Stored dataset items:
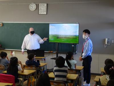 これまで新型ウイルス感染症予防対策として来日が遅れていたALTとの授業が始まりました。とても楽しそうに初めてのALTを交えた外国語活動をする3年生でした。
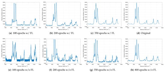 The proposed system leverages FL to enable cooperation among decentralized troops and faster learning. To evaluate the performance improvement when using FL, we conducted the experiment, supposing that five troops performed FL. In this experiment, each troop had 100 augmented Raman spectrum data and conducted the training using FL on the proposed system. While training, we looked into the result data of one troop at 100, 200, and 350 epochs to analyze the training performance. Figure 12a–c show the results when the system utilized the FL. As shown in the figures, the training was performed much faster, and the result generated at the 350th epoch was sufficiently similar to the original presented in Figure 12d. On the contrary, without using the FL, the system performed training slowly, and the generated data after about 800 epochs were similar to the original. This experiment result proves that the proposed system can build the models more quickly and efficiently without exchanging raw data between the troops by leveraging FL, which improves the system’s practical feasibility on real battlefields.
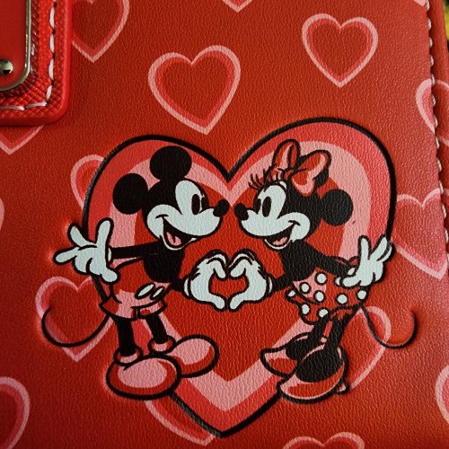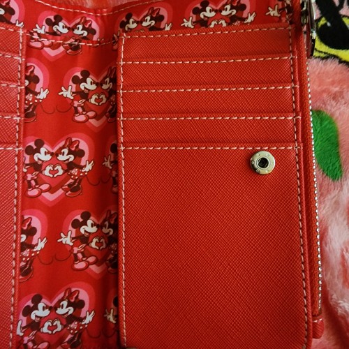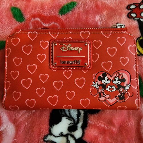 Loungefly Disney Mickey and Minnie Mouse Valentine’s Love Wallet. It has a snap closure with slots for credit cards and a ID slot. There is also a large slot for bills and a small zipper pocket for coins. On the front of the wallet it has Mickey ears, and a cute bow. There are hearts all over the wallet and Mickey and Minnie on the back froming a heart together with their hands. This is a great gift for the one you love.
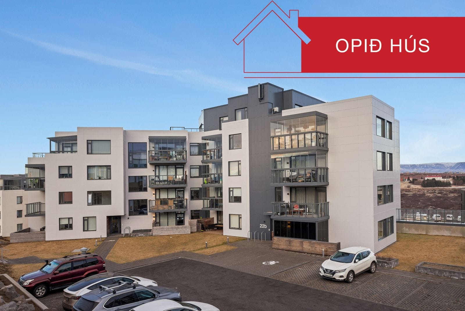 Nánari lýsing: Komið inn í anddyri með parketi á gólfi og innbyggðum forstofuskáp. Eldhús með fallegri hvítri innréttingu með span helluborði og ofni í vinnuhæð. Tengi fyrir uppþvottavél. Útgengi á suðursvalir. Stofa með parketi á gólfi, (útbúið var barnaherbergi á kostnað stofu) Hjónaherbergi með fataskáp og parketi á gólfi. 3 barnaherbergi með parketi á gólfum. Baðherbergi með flísum í hólf og gólf, baðinnrétting og stór sturta sem og upphengt wc sem og handklæðaofn. Sér geymsla í sameign og vagna og hjólageymsla. Sér stæði í bílgeymslu merkt B10.
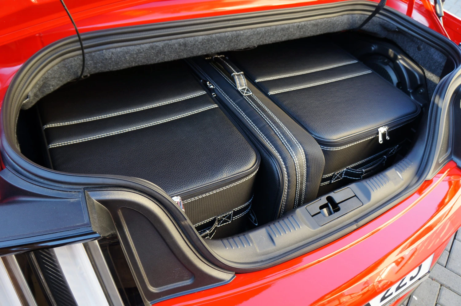 Dieses dreiteilige Kofferset von Roadsterbag ist speziell auf den Kofferraum des Ford Mustang VI Cabrio (ab 2014) zugeschnitten und kann mit einem zweiteiligen Zusatzkofferset ergänzt werden. Der Trolley ist mit voll versenkbarem Griff, silikongedämpften, verchromten Laufrollen, Kugellagerung und Inside-Trolley-Technik aus leichtem Aluminium ausgestattet. Die erstklassige Verarbeitung und das hochwertige Innenfutter aus edler Ancarra-Mikrofaser verleihen dem Set eine edle Optik, die sich nahtlos in das Innendesign Ihres Wagens einfügt. Dank bequemer Tragegriffe lassen sich die Gepäckstücke komfortabel transportieren.
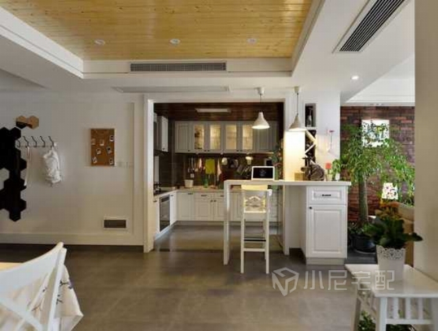 開放式廚房搭配吧臺,讓原本局促的廚房空間和餐廳區(qū)域合二為一,增加了空間的互動性。
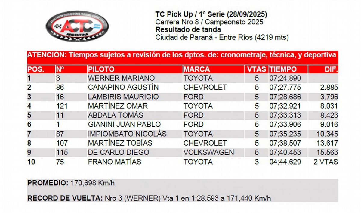 El local Mariano Werner con su Toyota Hilux ganó la serie más rápida y largará desde la 'pole' en la final del TC Pick Up que disputa su 8ª Fecha en el Autódromo Ciudad de Paraná -4.219 mts.-. Detrás suyo, quedaron Agustín Canapino de Chevrolet y Mauricio Lambiris de Ford. Germán Todino, con otra Hilux, se quedó con la otra batería -que fue 5s más lenta-, superando a Juan José Ebarlín -Toyota- e Ignacio Faín, y acompañará al paranaense en la primer fila de la final.
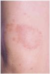 Fig. 3.--Paciente 2: lesiones eritematosas de superficie lisa y de disposición anular localizadas en glúteos.
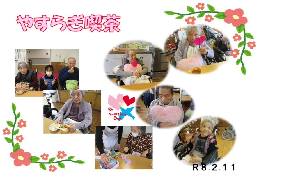 やすらぎ喫茶 コーヒーとおやつのマフィン、プリンで楽しんでいただきました バレンタインの話しやボランティアさんから頂いたハートの手芸品を飾ったりしました
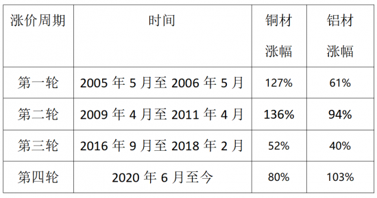 产业在线空调研究组相关负责人在接受《中国电子报》记者采访时表示,历史上共出现过三轮铜铝原材料上涨周期,最近一次出现在2016年。而本轮铜铝原材料涨价周期已经超过18个月,为历史最长。
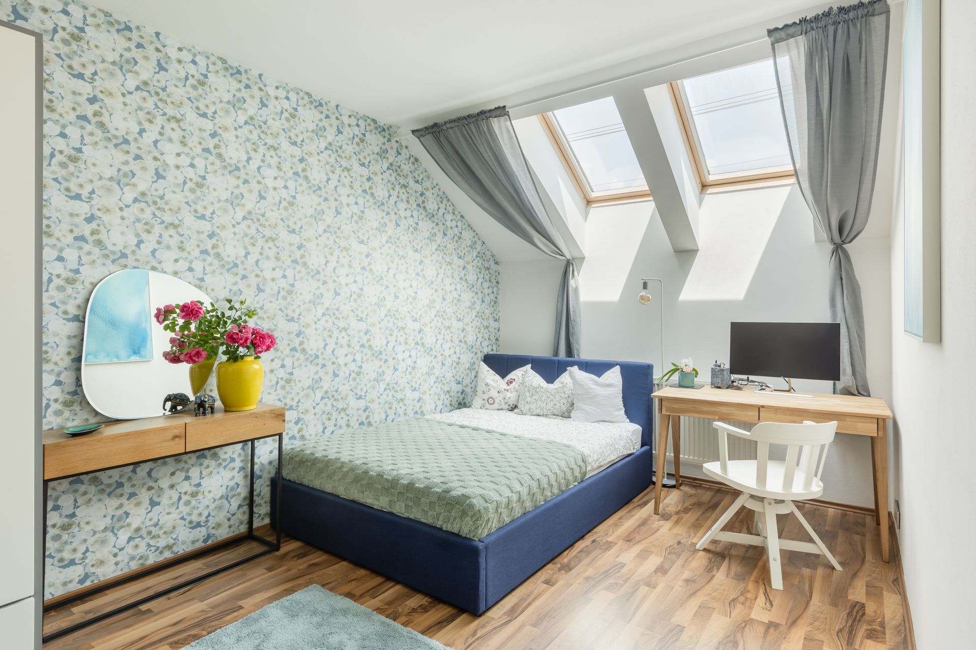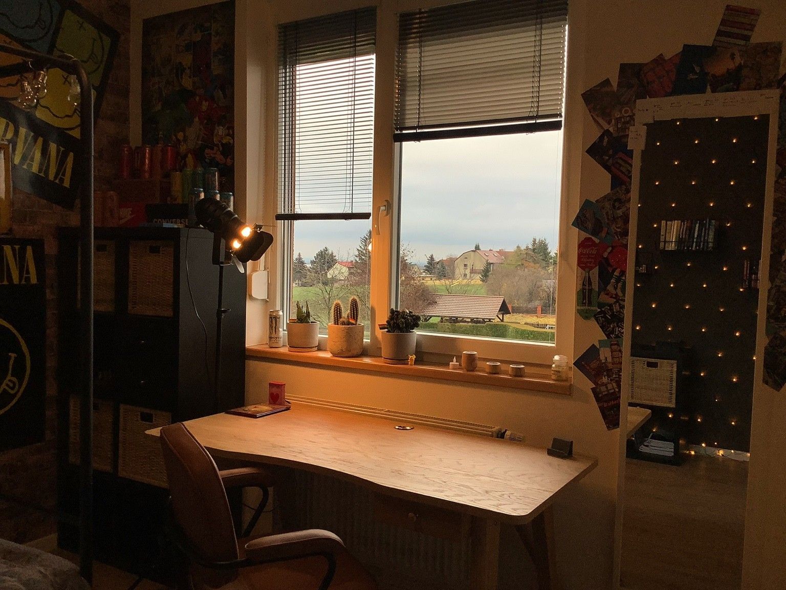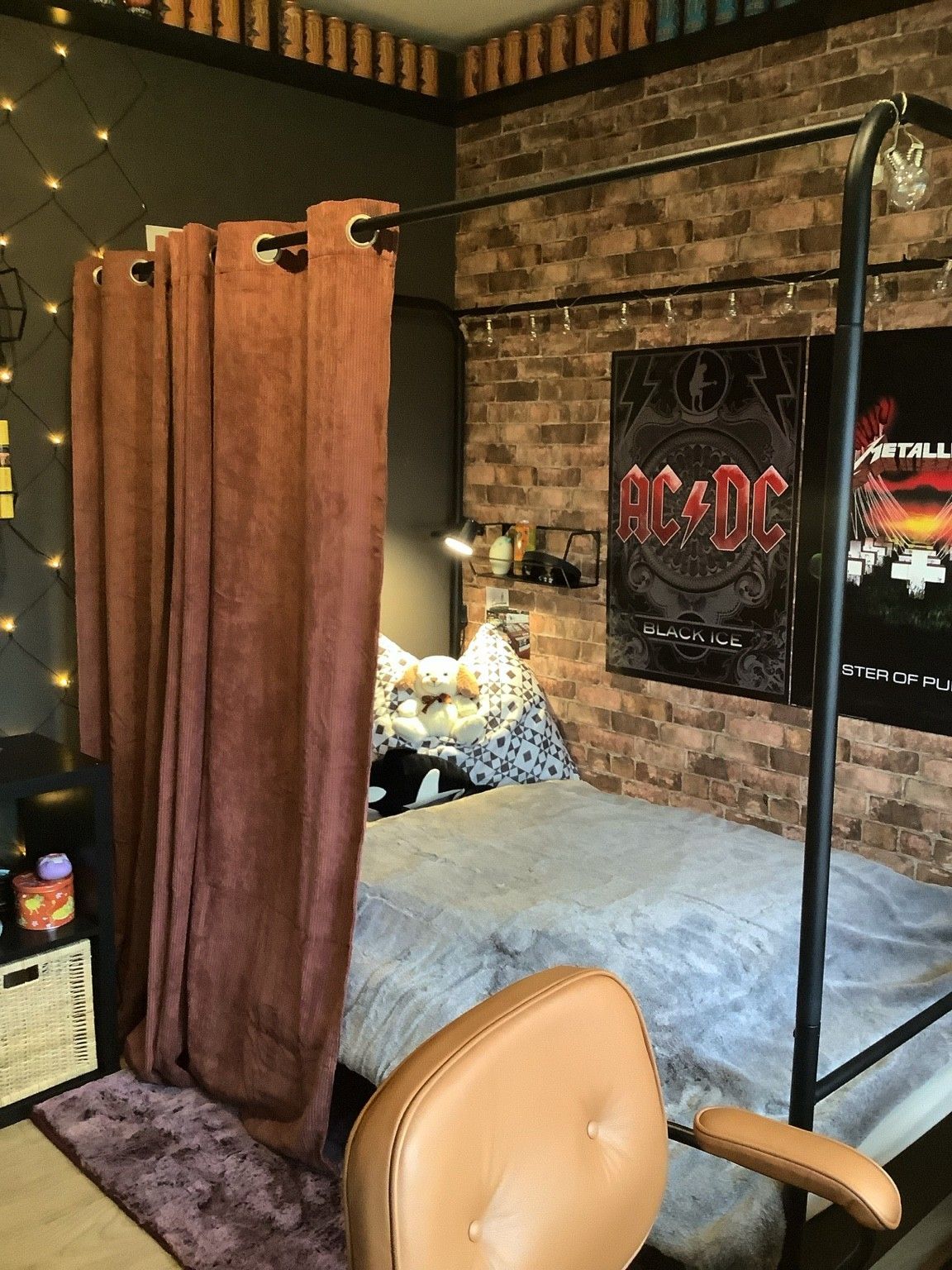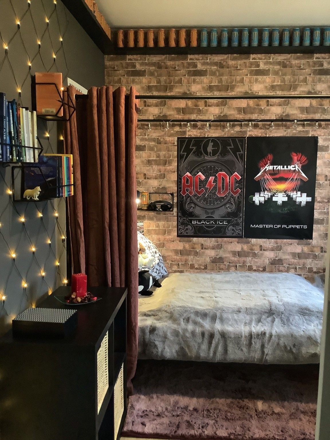 Pro mladou slečnu jsme vytvořili pokoj, který je ztělesněním jejího stylu: industriální cihlová stěna, plakáty legendárních kapel, útulné světelné girlandy a pracovní kout s výhledem do zeleně.
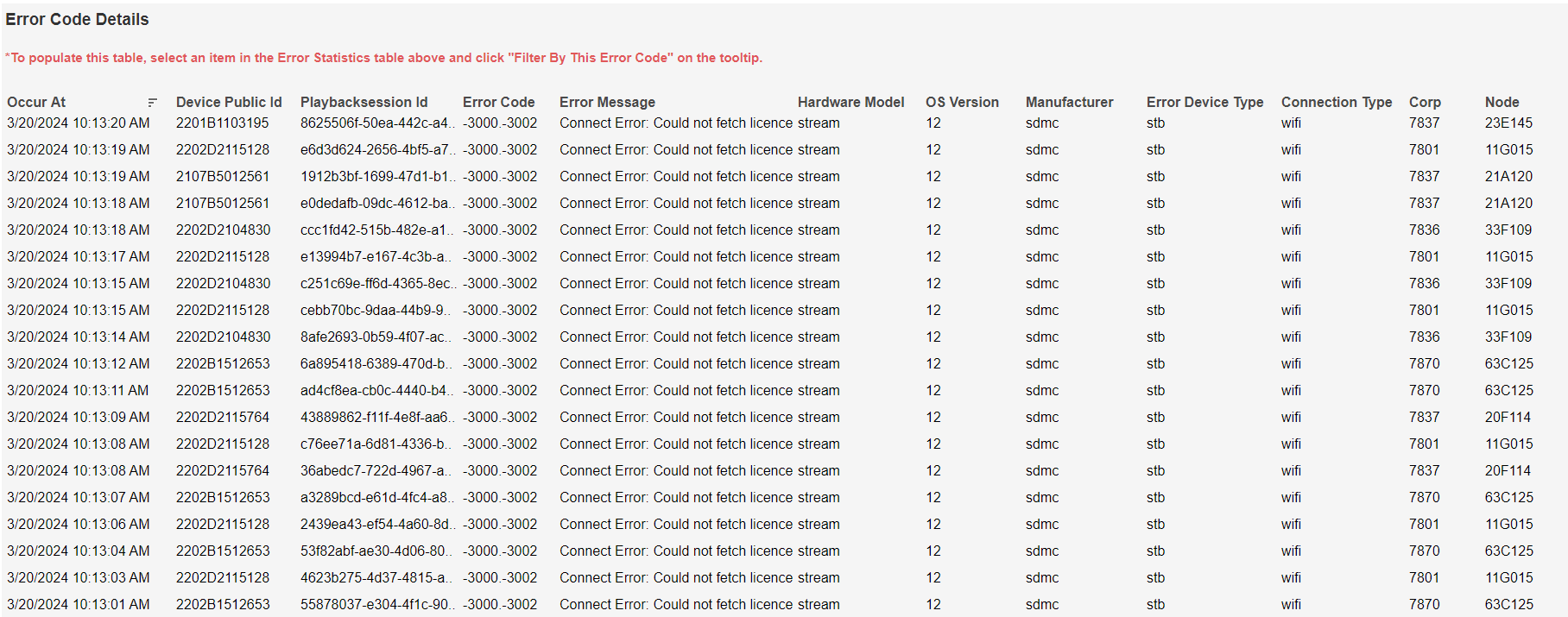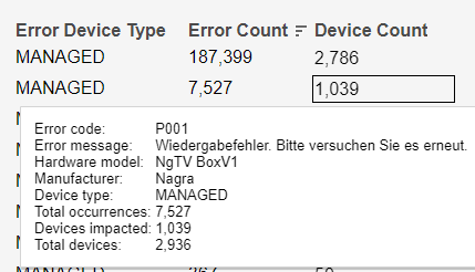 After clicking Filter By This Error Code in the Error Message column tooltip, the blank Error Code Details table becomes populated with further information. The mouseover tooltip on the last table column gives further information.
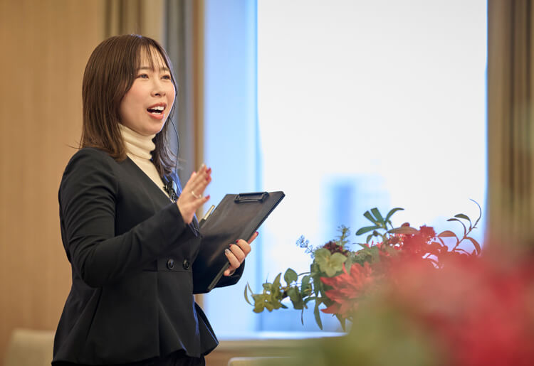 「自分自身もプランナーとしてエントリーしたことがあるけれど、予選落ち。決勝の雰囲気を味わってみたくて、運営側に立候補したんです。イベントづくりは日々の結婚式で鍛えられているつもりでしたが、会場の雰囲気や部門紹介コンテンツのつくりこみ、自由度がまったく違う動画制作など、初めての作業もたくさん。やはり、新しい仕事によってしか得られない視点やスキルがあるし、その積み重ねが日常の業務に活きると感じました」
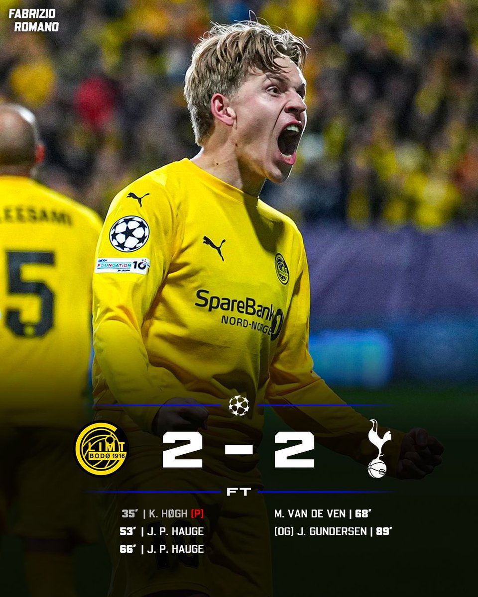 Tottenham Hotspur drew 2-2 against Bodø/Glimt in the Champions League at Aspmyra Stadion on Monday night.
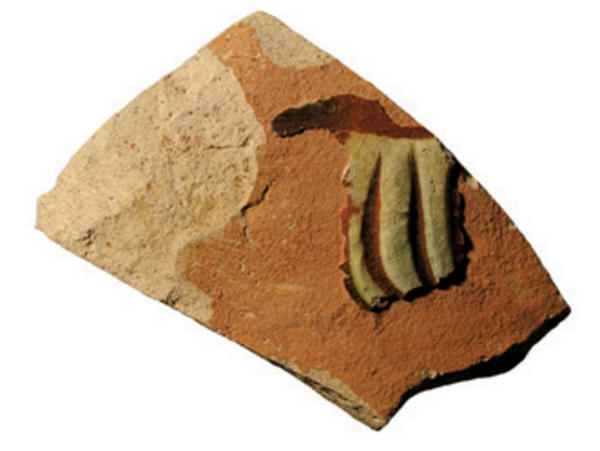 | 5c | rode sliblaag op witte ondergrond met daarover weer een witte sliblaag met ingekraste versiering |

■ EXERCISE REQUIREMENTS ■
Each entry should come back exactly as written, with its pictures omitted.

■ RESULT OF THIS TASK ■
 これまで新型ウイルス感染症予防対策として来日が遅れていたALTとの授業が始まりました。とても楽しそうに初めてのALTを交えた外国語活動をする3年生でした。
 The proposed system leverages FL to enable cooperation among decentralized troops and faster learning. To evaluate the performance improvement when using FL, we conducted the experiment, supposing that five troops performed FL. In this experiment, each troop had 100 augmented Raman spectrum data and conducted the training using FL on the proposed system. While training, we looked into the result data of one troop at 100, 200, and 350 epochs to analyze the training performance. Figure 12a–c show the results when the system utilized the FL. As shown in the figures, the training was performed much faster, and the result generated at the 350th epoch was sufficiently similar to the original presented in Figure 12d. On the contrary, without using the FL, the system performed training slowly, and the generated data after about 800 epochs were similar to the original. This experiment result proves that the proposed system can build the models more quickly and efficiently without exchanging raw data between the troops by leveraging FL, which improves the system’s practical feasibility on real battlefields.
 Loungefly Disney Mickey and Minnie Mouse Valentine’s Love Wallet. It has a snap closure with slots for credit cards and a ID slot. There is also a large slot for bills and a small zipper pocket for coins. On the front of the wallet it has Mickey ears, and a cute bow. There are hearts all over the wallet and Mickey and Minnie on the back froming a heart together with their hands. This is a great gift for the one you love.
 Nánari lýsing: Komið inn í anddyri með parketi á gólfi og innbyggðum forstofuskáp. Eldhús með fallegri hvítri innréttingu með span helluborði og ofni í vinnuhæð. Tengi fyrir uppþvottavél. Útgengi á suðursvalir. Stofa með parketi á gólfi, (útbúið var barnaherbergi á kostnað stofu) Hjónaherbergi með fataskáp og parketi á gólfi. 3 barnaherbergi með parketi á gólfum. Baðherbergi með flísum í hólf og gólf, baðinnrétting og stór sturta sem og upphengt wc sem og handklæðaofn. Sér geymsla í sameign og vagna og hjólageymsla. Sér stæði í bílgeymslu merkt B10.
 Dieses dreiteilige Kofferset von Roadsterbag ist speziell auf den Kofferraum des Ford Mustang VI Cabrio (ab 2014) zugeschnitten und kann mit einem zweiteiligen Zusatzkofferset ergänzt werden. Der Trolley ist mit voll versenkbarem Griff, silikongedämpften, verchromten Laufrollen, Kugellagerung und Inside-Trolley-Technik aus leichtem Aluminium ausgestattet. Die erstklassige Verarbeitung und das hochwertige Innenfutter aus edler Ancarra-Mikrofaser verleihen dem Set eine edle Optik, die sich nahtlos in das Innendesign Ihres Wagens einfügt. Dank bequemer Tragegriffe lassen sich die Gepäckstücke komfortabel transportieren.
 開放式廚房搭配吧臺,讓原本局促的廚房空間和餐廳區(qū)域合二為一,增加了空間的互動性。
 El local Mariano Werner con su Toyota Hilux ganó la serie más rápida y largará desde la 'pole' en la final del TC Pick Up que disputa su 8ª Fecha en el Autódromo Ciudad de Paraná -4.219 mts.-. Detrás suyo, quedaron Agustín Canapino de Chevrolet y Mauricio Lambiris de Ford. Germán Todino, con otra Hilux, se quedó con la otra batería -que fue 5s más lenta-, superando a Juan José Ebarlín -Toyota- e Ignacio Faín, y acompañará al paranaense en la primer fila de la final.
 Fig. 3.--Paciente 2: lesiones eritematosas de superficie lisa y de disposición anular localizadas en glúteos.
 やすらぎ喫茶 コーヒーとおやつのマフィン、プリンで楽しんでいただきました バレンタインの話しやボランティアさんから頂いたハートの手芸品を飾ったりしました
 产业在线空调研究组相关负责人在接受《中国电子报》记者采访时表示,历史上共出现过三轮铜铝原材料上涨周期,最近一次出现在2016年。而本轮铜铝原材料涨价周期已经超过18个月,为历史最长。
 Pro mladou slečnu jsme vytvořili pokoj, který je ztělesněním jejího stylu: industriální cihlová stěna, plakáty legendárních kapel, útulné světelné girlandy a pracovní kout s výhledem do zeleně.
 After clicking Filter By This Error Code in the Error Message column tooltip, the blank Error Code Details table becomes populated with further information. The mouseover tooltip on the last table column gives further information.
 「自分自身もプランナーとしてエントリーしたことがあるけれど、予選落ち。決勝の雰囲気を味わってみたくて、運営側に立候補したんです。イベントづくりは日々の結婚式で鍛えられているつもりでしたが、会場の雰囲気や部門紹介コンテンツのつくりこみ、自由度がまったく違う動画制作など、初めての作業もたくさん。やはり、新しい仕事によってしか得られない視点やスキルがあるし、その積み重ねが日常の業務に活きると感じました」
 Tottenham Hotspur drew 2-2 against Bodø/Glimt in the Champions League at Aspmyra Stadion on Monday night.
 | 5c | rode sliblaag op witte ondergrond met daarover weer een witte sliblaag met ingekraste versiering |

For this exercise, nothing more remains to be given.